Our multicentre orthopaedic study group is conducting this study to compare two standard, but different treatments for periprosthetic distal femur fractures. One treatment consists of open surgery and the placement of a plate and screws along the side of the femur. The other consists of implanting an intramedullary nail in the femur.
The goal of this study is to directly compare the two treatments to see if one treatment results in better patient outcomes than the other.
|Condition or disease||Intervention/treatment||Phase|
|Periprosthetic Fractures Distal Femur Fractures||Procedure: Locked Compression Plating Procedure: Retrograde Intramedullary Nailing (RIMN)||Not Applicable|
|Study Type :||Interventional (Clinical Trial)|
|Estimated Enrollment :||94 participants|
|Intervention Model:||Parallel Assignment|
|Masking:||Single (Outcomes Assessor)|
|Official Title:||Treatment of Periprosthetic Distal Femur Fractures: A Randomized Controlled Trial of Locking Plate Osteosynthesis Versus Retrograde Nailing|
|Study Start Date :||May 2014|
|Estimated Primary Completion Date :||January 2022|
|Estimated Study Completion Date :||January 2022|
Experimental: Locked Compression Plating
A direct lateral approach to the distal femur will be employed utilizing minimally invasive and indirect reduction techniques. After fracture reduction is achieved with the use of intra-operative fluoroscopy, a locking plate will be provisionally implanted. Following confirmation of placement, definitive fixation will follow with multiple locking screws in the distal fragment and bicortical screw fixation proximally.

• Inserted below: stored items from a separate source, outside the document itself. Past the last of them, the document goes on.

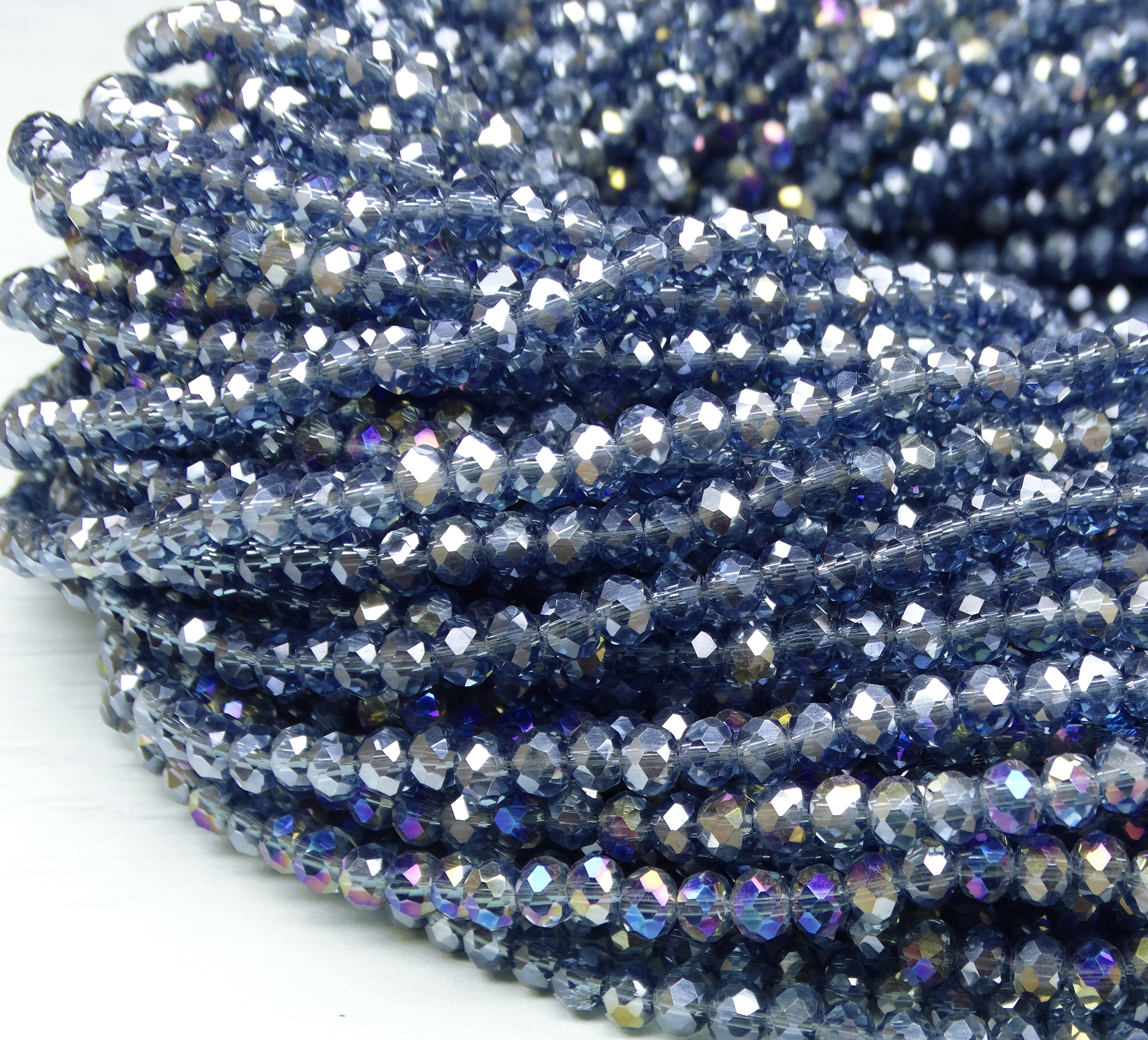 БП026ДС23 Хрустальные бусины "рондель", полуночный синий AB прозрачный, 2х3 мм, кол-во: 95-100 шт.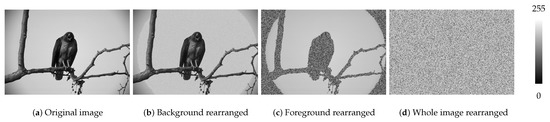 Conventional image entropy is ineffective at responding to pixel patterns over spatial. Although the image may show significantly different patterns, it must derive identical image entropy if they have the same set of pixels. (a) The eagle image is selected from BSD300, with a background of sky and the foreground of one eagle standing on a tree. Its pixels at the background, foreground, and the whole regions are rearranged respectively so that generate 3 different images, as shown in (b–d). Their entropy equals although the image contents are different.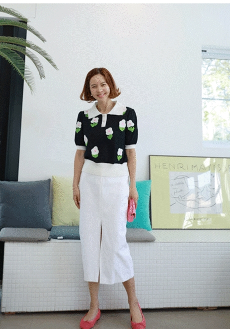 넥배색 단가라니트

A standard layered closure will follow
Procedure: Locked Compression Plating
Experimental: Retrograde Intramedullary Nailing (RIMN)
The previous midline knee incision will be employed to access to the knee joint, allowing exposure of the femoral start point via the open box in the femoral component. Following reaming of the canal, an appropriately sized retrograde nail will be inserted. Intra-operative fluoroscopy will be used to confirm reduction. Both proximal and distal locking screws will be used to transfix the nail. A standard layered closure will follow.
Procedure: Retrograde Intramedullary Nailing (RIMN)
- Timed Up and Go (TUG) test [ Time Frame: 3 months ]The TUG is a very simple timed test that was introduced in 1991 to measure mobility in the elderly. It involves documenting the time, in seconds, taken for subjects to rise from a standard arm chair, walk to a line on the floor 3 meters away, turn, return, and sit down again
- Rates of re-operation [ Time Frame: 12 months ]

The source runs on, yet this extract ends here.